**ASSIGNMENT:**
Begin at the top of the records below and print each line exactly until the line containing "The ground floor" has been printed; any pictures are to be left out.

Collected data
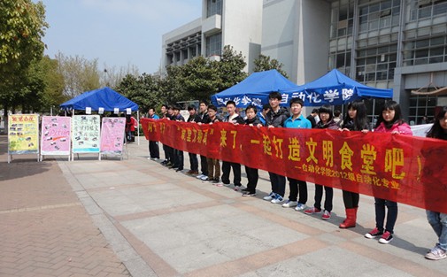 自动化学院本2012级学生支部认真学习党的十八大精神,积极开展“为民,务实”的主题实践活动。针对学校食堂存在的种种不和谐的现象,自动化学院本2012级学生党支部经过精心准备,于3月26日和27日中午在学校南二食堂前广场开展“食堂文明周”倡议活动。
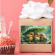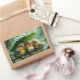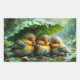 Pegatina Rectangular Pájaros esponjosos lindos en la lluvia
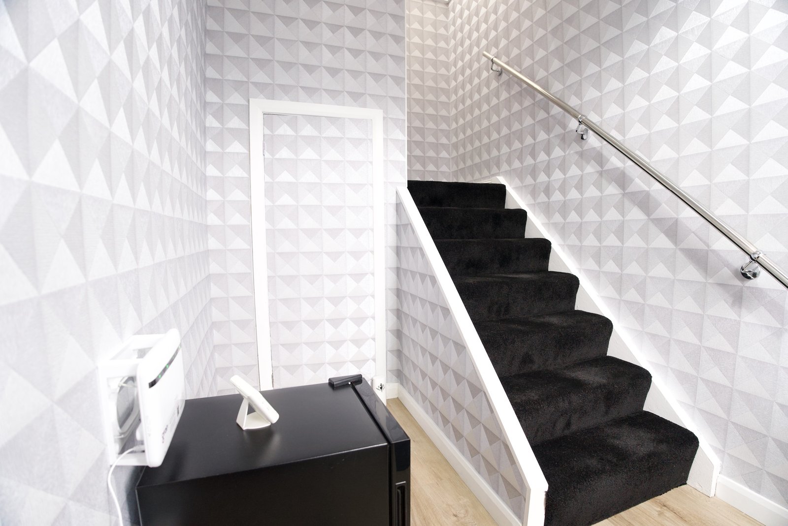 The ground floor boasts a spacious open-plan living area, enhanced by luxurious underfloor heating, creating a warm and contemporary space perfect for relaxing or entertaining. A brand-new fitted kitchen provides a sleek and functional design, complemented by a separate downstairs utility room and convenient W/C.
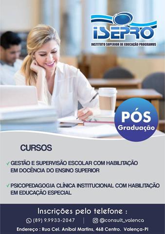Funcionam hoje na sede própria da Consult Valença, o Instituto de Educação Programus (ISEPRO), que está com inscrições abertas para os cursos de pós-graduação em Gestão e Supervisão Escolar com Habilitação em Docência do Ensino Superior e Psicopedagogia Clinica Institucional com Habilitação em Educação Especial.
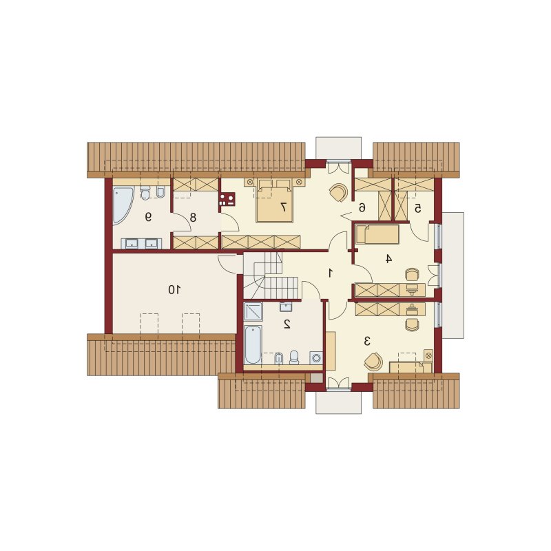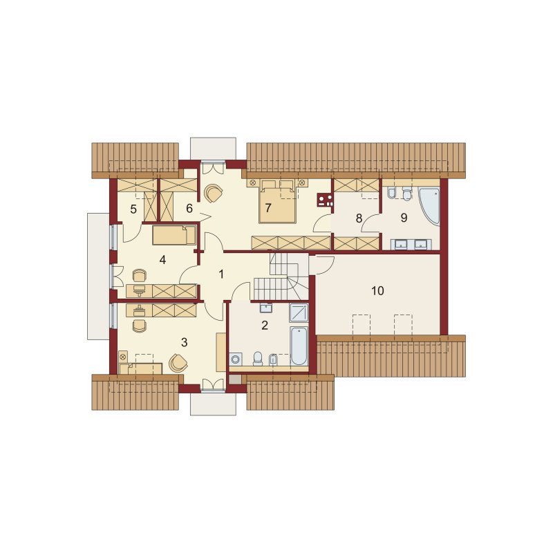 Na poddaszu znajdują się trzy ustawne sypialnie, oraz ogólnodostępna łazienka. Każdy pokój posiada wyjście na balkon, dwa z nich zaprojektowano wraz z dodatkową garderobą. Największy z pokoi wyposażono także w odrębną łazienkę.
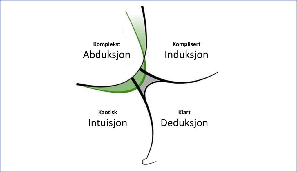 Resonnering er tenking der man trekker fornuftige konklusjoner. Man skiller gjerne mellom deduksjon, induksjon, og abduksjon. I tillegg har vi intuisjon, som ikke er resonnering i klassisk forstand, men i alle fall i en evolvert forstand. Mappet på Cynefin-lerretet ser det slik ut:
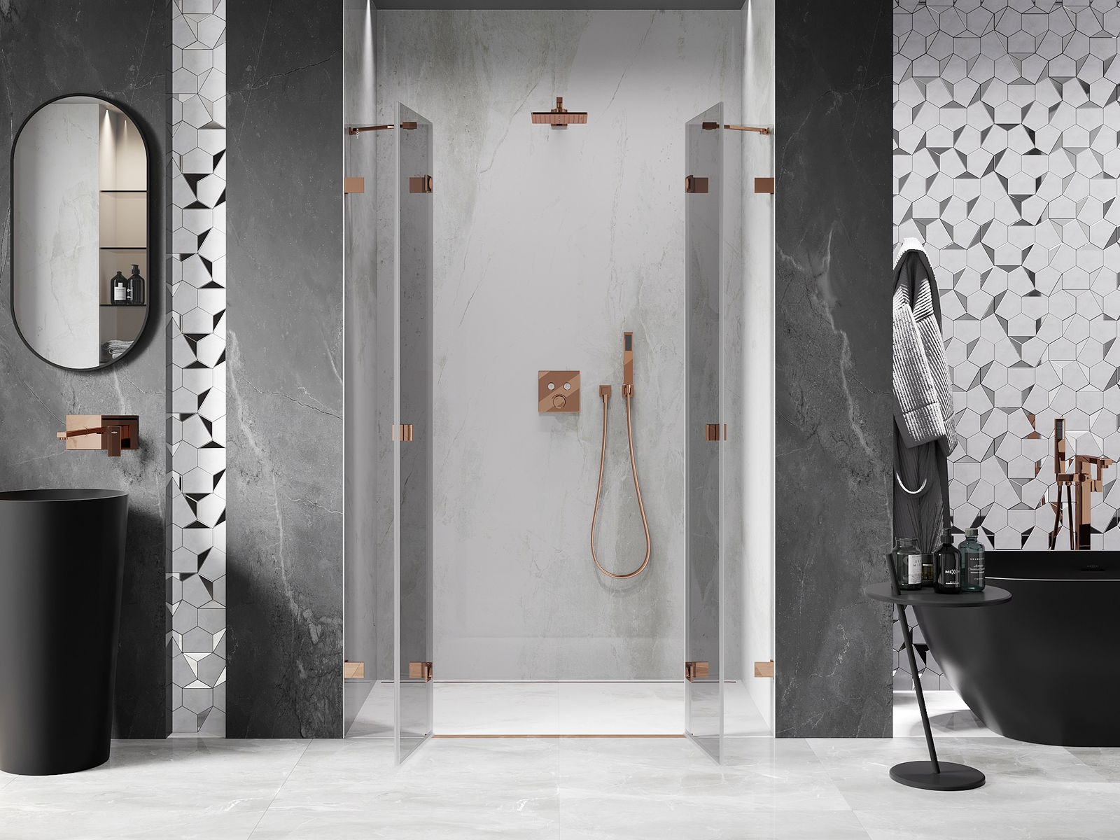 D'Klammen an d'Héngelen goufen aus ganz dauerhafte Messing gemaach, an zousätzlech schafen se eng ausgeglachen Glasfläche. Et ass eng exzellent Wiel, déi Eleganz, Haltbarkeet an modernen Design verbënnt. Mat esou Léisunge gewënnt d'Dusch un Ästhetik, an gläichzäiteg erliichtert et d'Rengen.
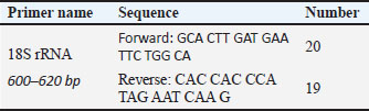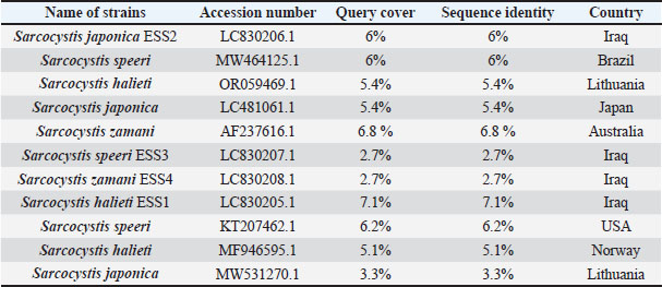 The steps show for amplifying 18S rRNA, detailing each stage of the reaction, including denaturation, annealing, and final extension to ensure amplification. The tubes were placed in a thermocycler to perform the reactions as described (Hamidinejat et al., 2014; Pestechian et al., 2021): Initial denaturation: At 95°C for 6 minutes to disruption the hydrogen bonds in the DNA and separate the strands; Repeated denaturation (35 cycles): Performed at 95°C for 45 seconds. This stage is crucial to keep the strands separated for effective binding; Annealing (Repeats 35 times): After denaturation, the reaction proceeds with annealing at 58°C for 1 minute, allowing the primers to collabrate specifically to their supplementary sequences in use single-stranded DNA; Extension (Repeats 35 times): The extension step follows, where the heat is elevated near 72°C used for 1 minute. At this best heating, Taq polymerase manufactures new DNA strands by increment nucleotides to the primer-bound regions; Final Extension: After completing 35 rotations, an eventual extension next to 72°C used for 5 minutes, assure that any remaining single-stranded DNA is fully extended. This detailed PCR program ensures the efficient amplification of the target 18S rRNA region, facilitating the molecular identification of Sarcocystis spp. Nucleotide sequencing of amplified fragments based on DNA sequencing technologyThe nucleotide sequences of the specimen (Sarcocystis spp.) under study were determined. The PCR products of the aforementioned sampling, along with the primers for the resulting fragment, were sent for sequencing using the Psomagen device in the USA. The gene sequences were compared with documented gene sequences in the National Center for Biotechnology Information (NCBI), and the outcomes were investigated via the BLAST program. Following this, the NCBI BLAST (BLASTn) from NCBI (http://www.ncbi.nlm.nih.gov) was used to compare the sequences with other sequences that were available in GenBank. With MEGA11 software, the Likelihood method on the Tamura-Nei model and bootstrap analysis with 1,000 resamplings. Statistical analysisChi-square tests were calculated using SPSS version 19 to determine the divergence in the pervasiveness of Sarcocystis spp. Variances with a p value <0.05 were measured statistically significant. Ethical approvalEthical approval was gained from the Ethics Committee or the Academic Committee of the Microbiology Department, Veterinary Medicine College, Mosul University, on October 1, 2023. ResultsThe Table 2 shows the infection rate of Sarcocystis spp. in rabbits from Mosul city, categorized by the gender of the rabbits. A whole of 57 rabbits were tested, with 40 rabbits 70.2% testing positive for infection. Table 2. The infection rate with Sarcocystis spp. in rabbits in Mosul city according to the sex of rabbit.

**RESULT OF THIS TASK:**
 自动化学院本2012级学生支部认真学习党的十八大精神,积极开展“为民,务实”的主题实践活动。针对学校食堂存在的种种不和谐的现象,自动化学院本2012级学生党支部经过精心准备,于3月26日和27日中午在学校南二食堂前广场开展“食堂文明周”倡议活动。
 Pegatina Rectangular Pájaros esponjosos lindos en la lluvia
 The ground floor boasts a spacious open-plan living area, enhanced by luxurious underfloor heating, creating a warm and contemporary space perfect for relaxing or entertaining. A brand-new fitted kitchen provides a sleek and functional design, complemented by a separate downstairs utility room and convenient W/C.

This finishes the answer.